Свадебные гости строят из себя многоголового дракона? Ну, если у них с аппетитом сильно в порядке… Но пройти по раскалённому мосту и сесть на дубовые скамьи… Здоровенная железяка цветов побежалости на свадебном подворье? По пожарной безопасности — не сходится.

Но сходится для парных символов: жизнь-смерть. Свадьба в родо-племенной общине — ритуал похорон девушки. Поэтому и саван — белое платье невесты.

Другая странность — легенды о калине, как о проводнике, связнике земного мира и подземного.

«Старик Юстас основательно зажился на свете… Наконец, добрёл до буерака, срезал калиновый посох и попросил: сведи-ка ты, брат, меня в подземное царство, умоюсь там, приоденусь. Бодро-весело застучал посох по дороге, старик за ним едва поспевал. Три дня спускался в дыру земную, потом наклонился над чёрной рекой, глядь, из воды он сам смотрит, только молодой, приглашает, иди, мол, сюда…».

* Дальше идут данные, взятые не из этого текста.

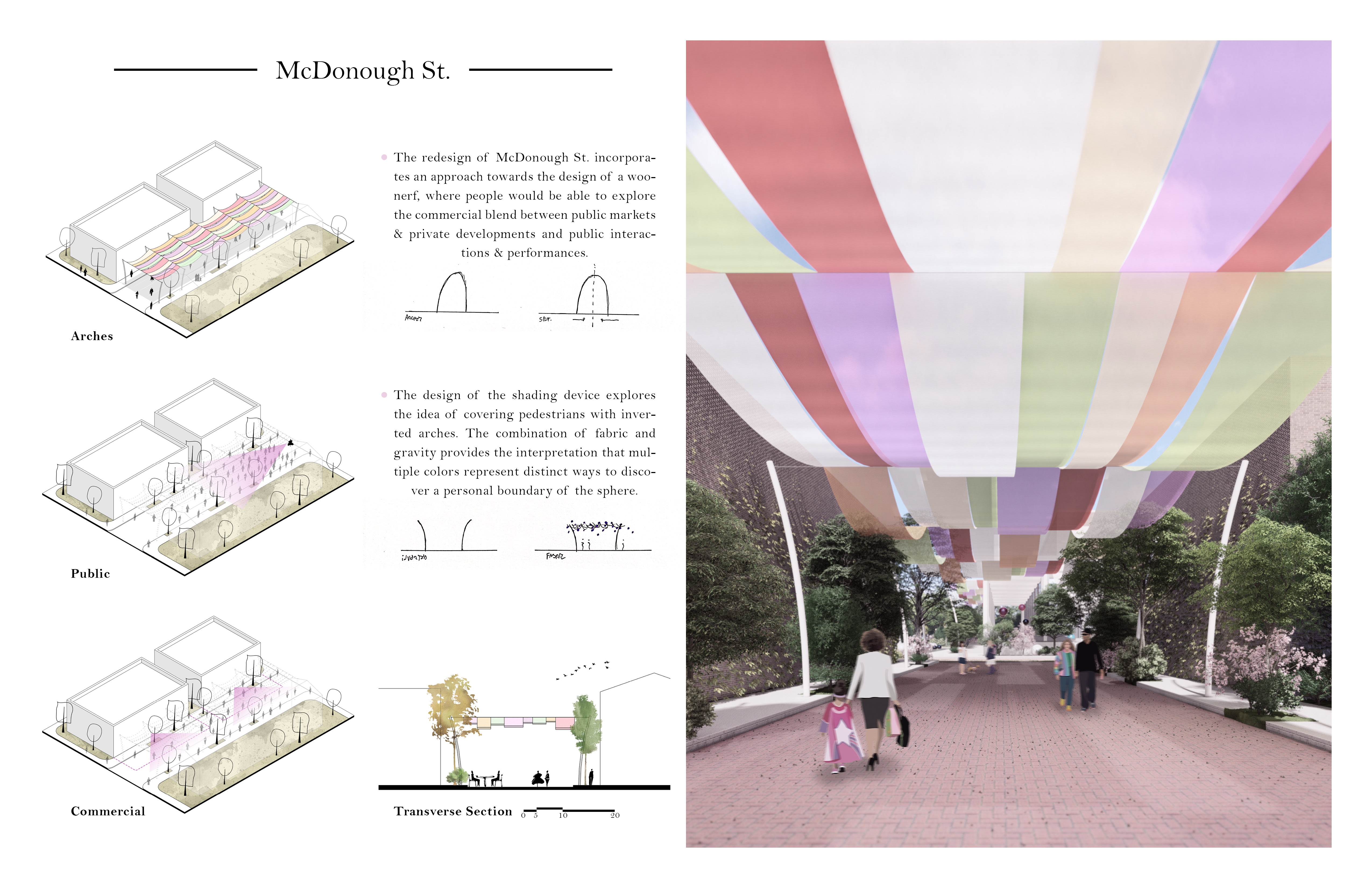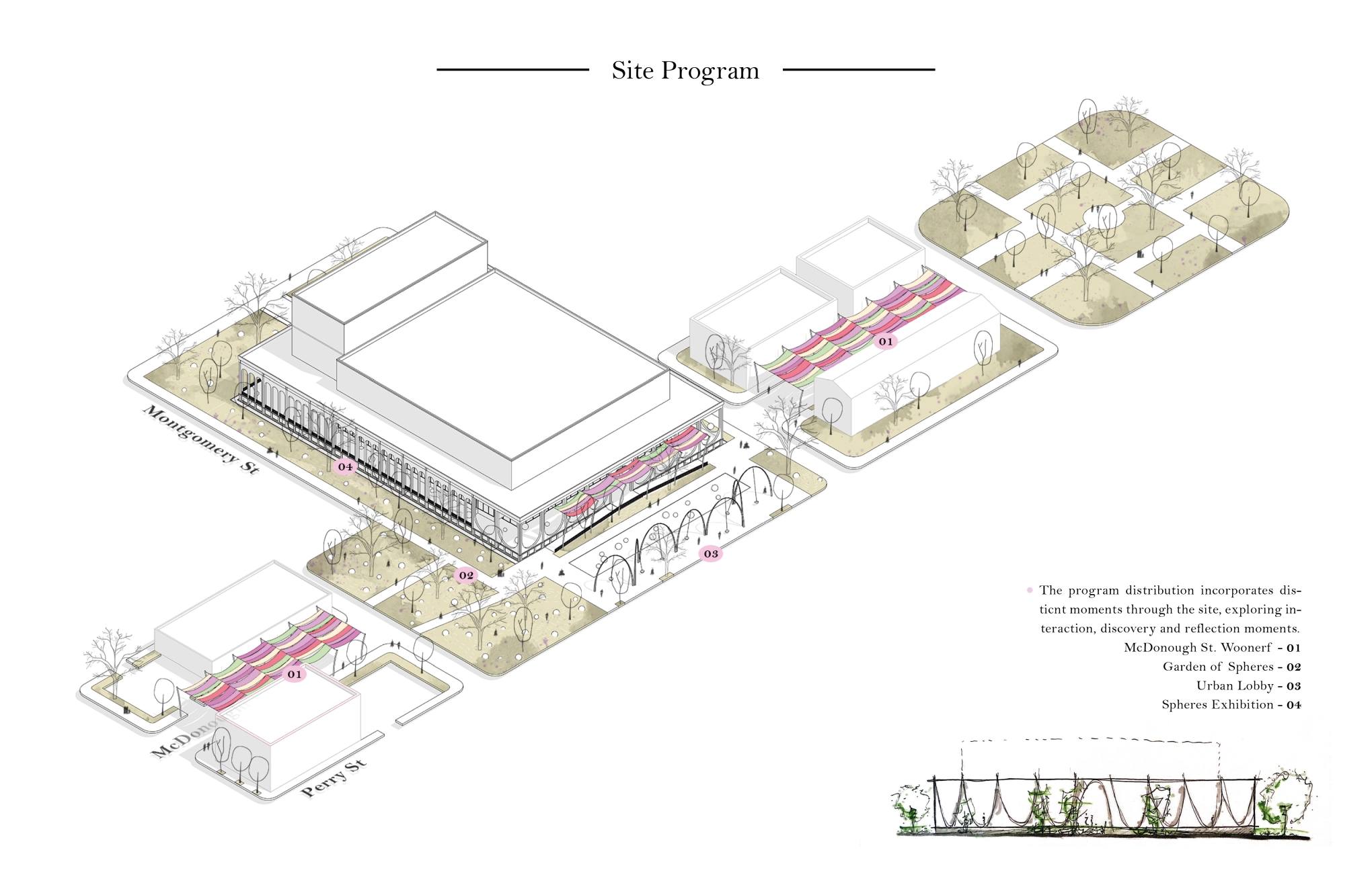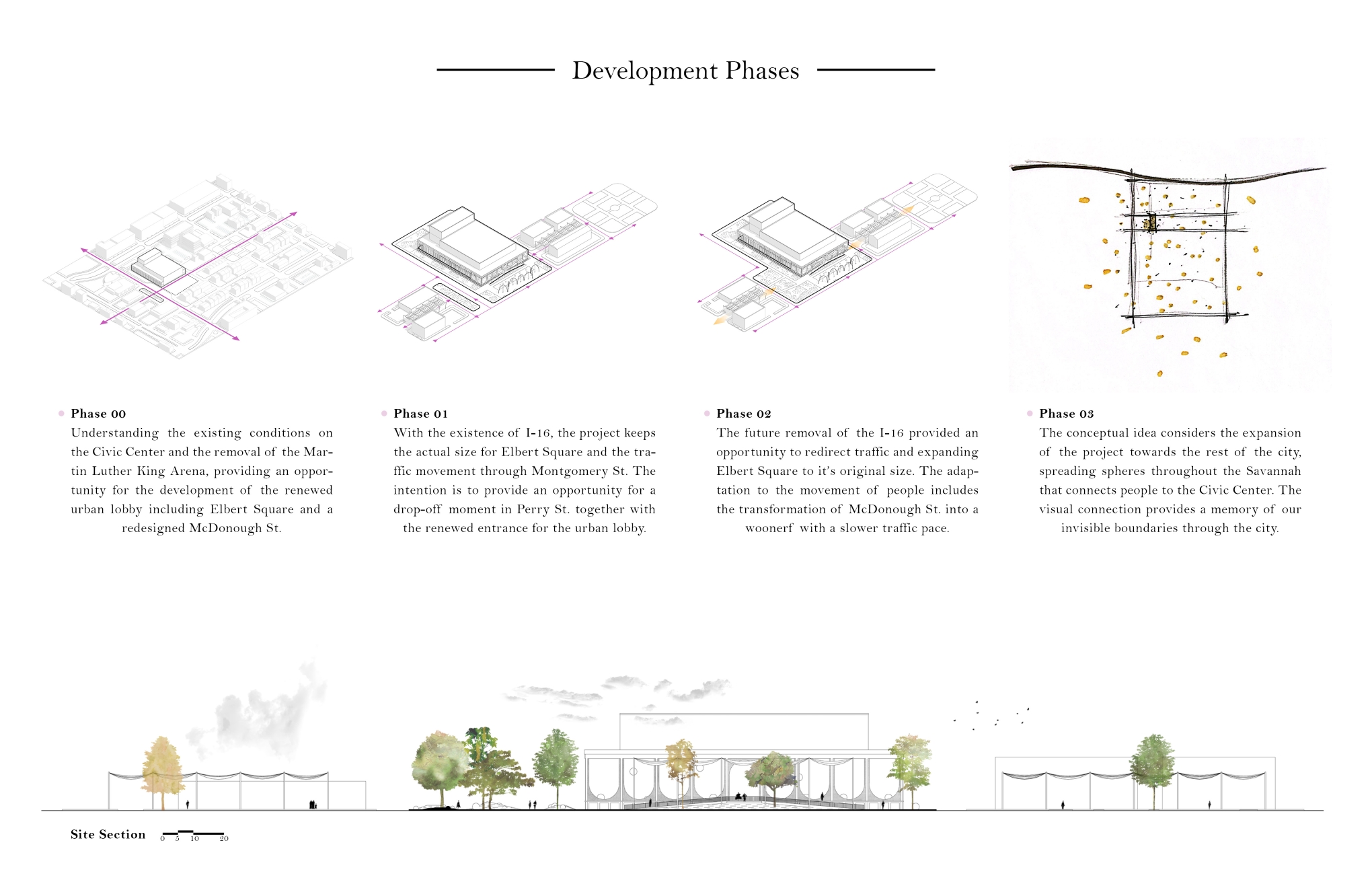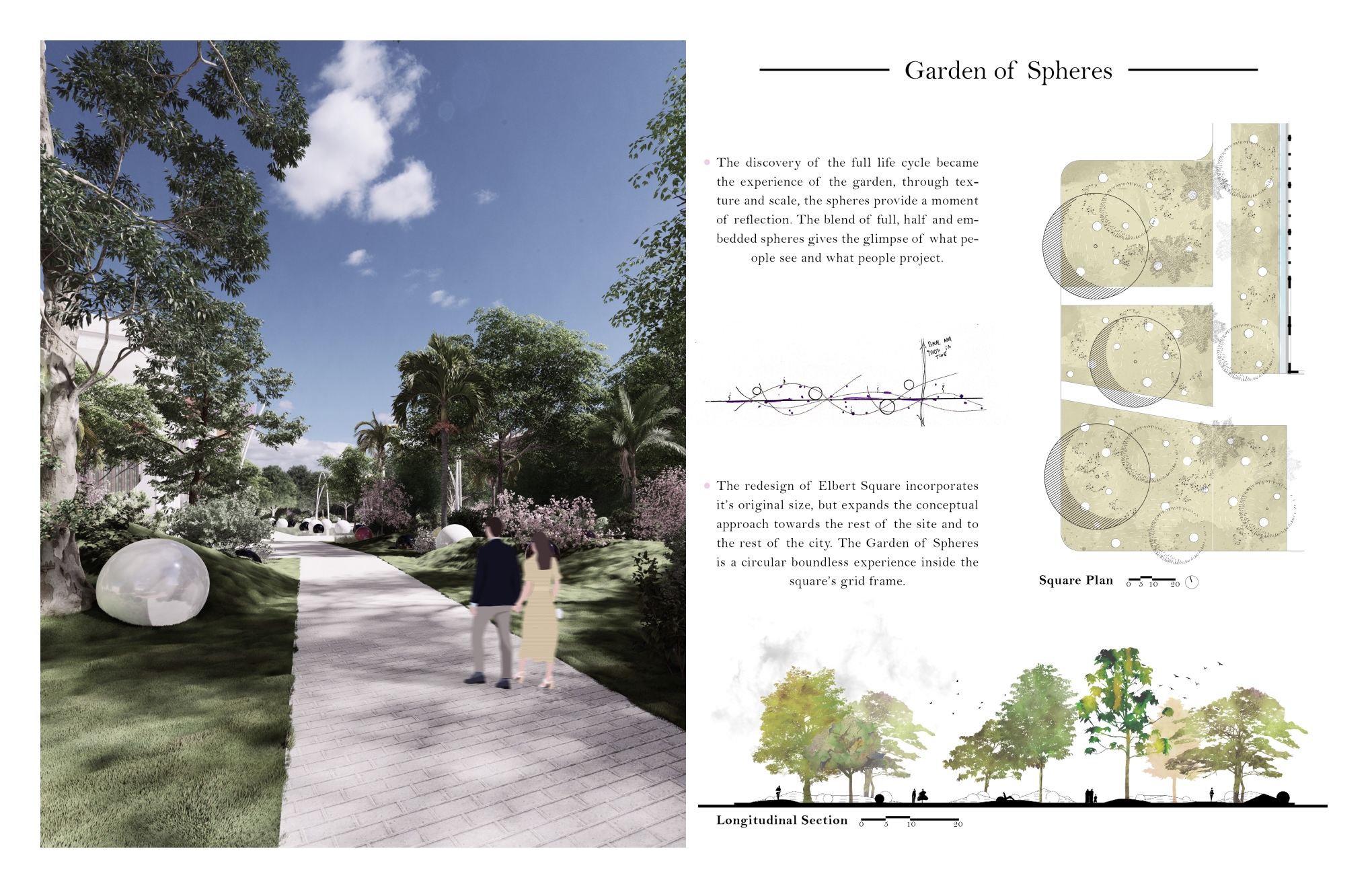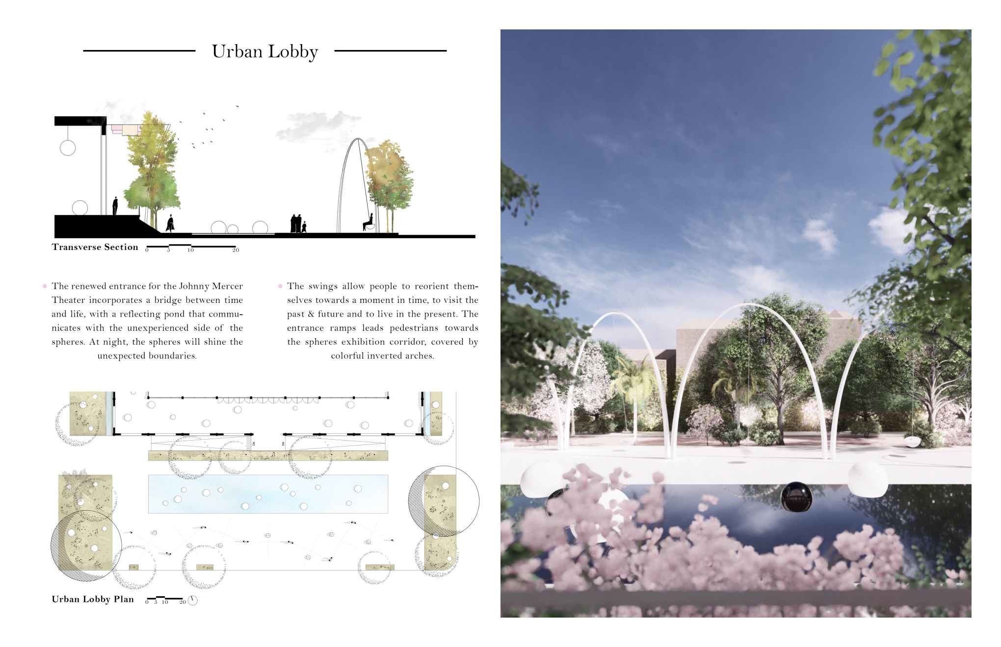 The project consists with the redesign of Elbert Square and the adaptation of the renewed entrance for the Jonny Mercer Theater as an urban lobby for the city of Savannah. The program incorporates the design of a woonerf on McDonough St, a garden of spheres on Elbert Square and interactive swings as the urban lobby for the theater. The project’s distribution has the purpose to be a connecting bridge between the existing conditions towards a moment of celebration, a moment that celebrates life and time.

Это не из шифровок Штирлица в центр — «Юстас Алексу», это — из литовских легенд.

Старик обращается к палке — «брат». Посох (сам!) прыгает по дороге. По дороге из этого мира — мира живых — в подземный, в мир смерти.

Третья тема, в которую никак не вписываются любовные переживания девушки — кусок былин об Илье Муромце.

Противники Ильи — разнообразные персонажи, персонифицирующие тот или иной враждебный этнос. Есть среди них Калин-царь. Которого иногда называют не только татарским — это общее название противников, но именно — литовским царём. Царь Калин из поганой Литвы. Это ему:


   «Говорил Илья да таковы слова:
   — Ай не сяду я с тобой да за единый стол,
   Не буду есть твоих ествушек сахарниих,
   Не буду пить твоих питьицев медвяныих,
   Не буду носить твоей одежи дрогоценныи,
   Не буду держать твоей бессчетной золотой казны,
   Не буду служить тобе, собаке царю Калину,
   Еще буду служить я за веру за отечество…».

Снова: речь идёт о выборе богатыря, находящемся во вражеском плену, на грани между жизнью и смертью.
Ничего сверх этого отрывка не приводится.